Geplant sind umfassende Arbeiten an Gleisen, Weichen, Bahnhöfen und weiteren Anlagen. Unter anderem sollen mehr als 175 Weichen und rund 260 Kilometer Gleis erneuert werden. Hinzu kommen Arbeiten an Lärmschutzanlagen sowie Modernisierungen an zahlreichen Stationen entlang der Strecke.
Was Reisende aus Hannover jetzt wissen müssen
Für Fahrgäste in Hannover ist derzeit vor allem die Trennung zwischen gesicherten Fakten und offenen Planungen wichtig. Sicher ist: Die Sanierung kommt. Sicher ist auch, dass die Lehrter Stammbahn 2027 nicht wie vorgesehen für Umleitungen zur Verfügung steht. Unklar bleibt dagegen, wie der konkrete Fahrplan nach der Neuplanung aussehen wird.
- DB InfraGO überarbeitet das Verkehrs- und Bauphasenkonzept für 2027.
- Die Lehrter Stammbahn fällt voraussichtlich bis Dezember 2027 als geplante Umleitungsstrecke aus.
- Die Strecke über Magdeburg soll für den zusätzlichen Verkehr vorbereitet werden.
- Konkrete neue Fahrzeiten und Linienführungen sind bislang nicht veröffentlicht.
- Auch bisherige Sperrzeiträume können im Zuge der Neuplanung noch angepasst werden.
Für Wolfsburg, Braunschweig und weitere Städte entlang der Bahnstrecke Hannover–Berlin gilt dasselbe. Noch ist nicht bekannt, welche Züge künftig über Magdeburg oder andere Strecken geführt werden, ob einzelne Halte wegfallen oder wie sich die Reisezeiten im Detail entwickeln.

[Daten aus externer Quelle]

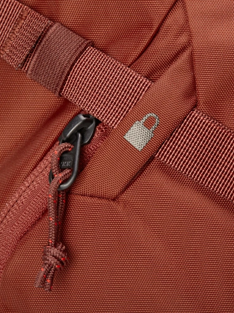 - Hidden daisy chain on the front of the bag lets you lash on gear when needed
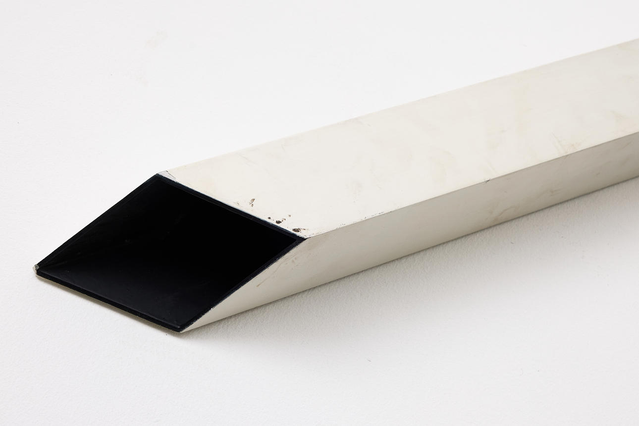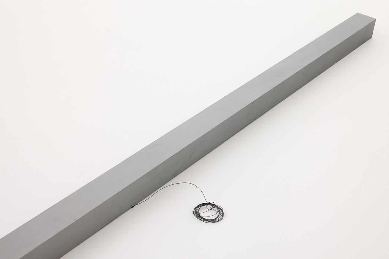 Painted metal, 8 x 8 x 500 cm. Mounted hanging horizontally.

Auch beim Regionalverkehr bleiben Fragen offen. Frühere Konzepte sahen während einzelner Bauphasen Einschränkungen beim RE30 und Ersatzverkehre vor. Ob diese Planung nach dem Ausfall der Lehrter Stammbahn unverändert Bestand haben kann, ist derzeit nicht bestätigt.

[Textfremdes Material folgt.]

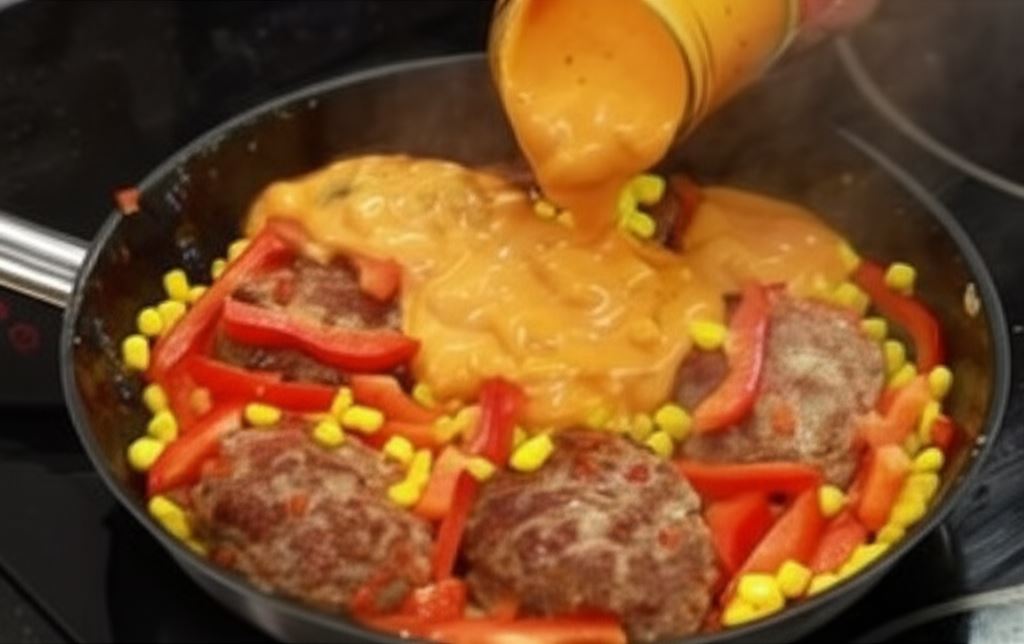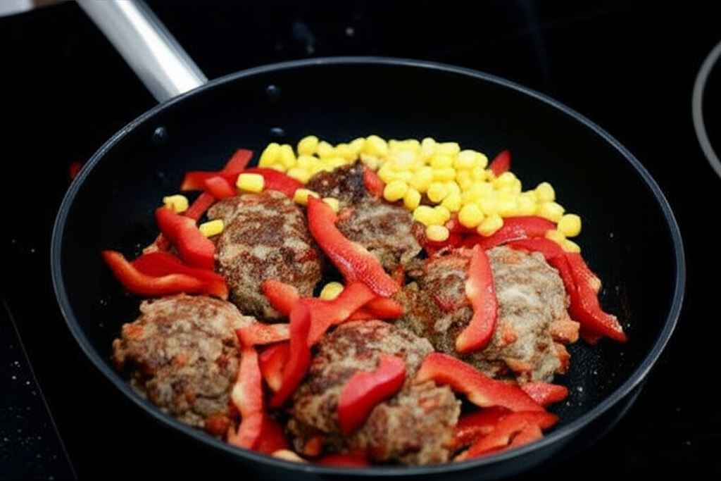 Umieść kotleciki w rondlu, wsyp drugą papryczkę pepperoni (pociętą w paski) oraz odcedzoną kukurydzę.

Entscheidend ist nun, wie die Bahn den Engpass auffängt
Die eigentliche Nachricht für 2027 ist daher nicht eine Absage der Sanierung, sondern der Ausfall einer Strecke, die für das bisherige Umleitungskonzept eine tragende Rolle spielte. DB InfraGO muss den Verkehr nun unter schwierigeren Bedingungen neu verteilen.
Für Reisende auf der Bahnstrecke Hannover–Berlin beginnt damit eine Phase, in der vieles vorbereitet, aber noch nicht abschließend entschieden ist. Die Bauarbeiten selbst bleiben geplant. Offen ist vor allem, wie die Bahn den Verkehr während der Sperrungen organisiert – und wie stark sich die neue Lage am Ende auf Fahrzeiten, Halte und Verbindungen auswirkt.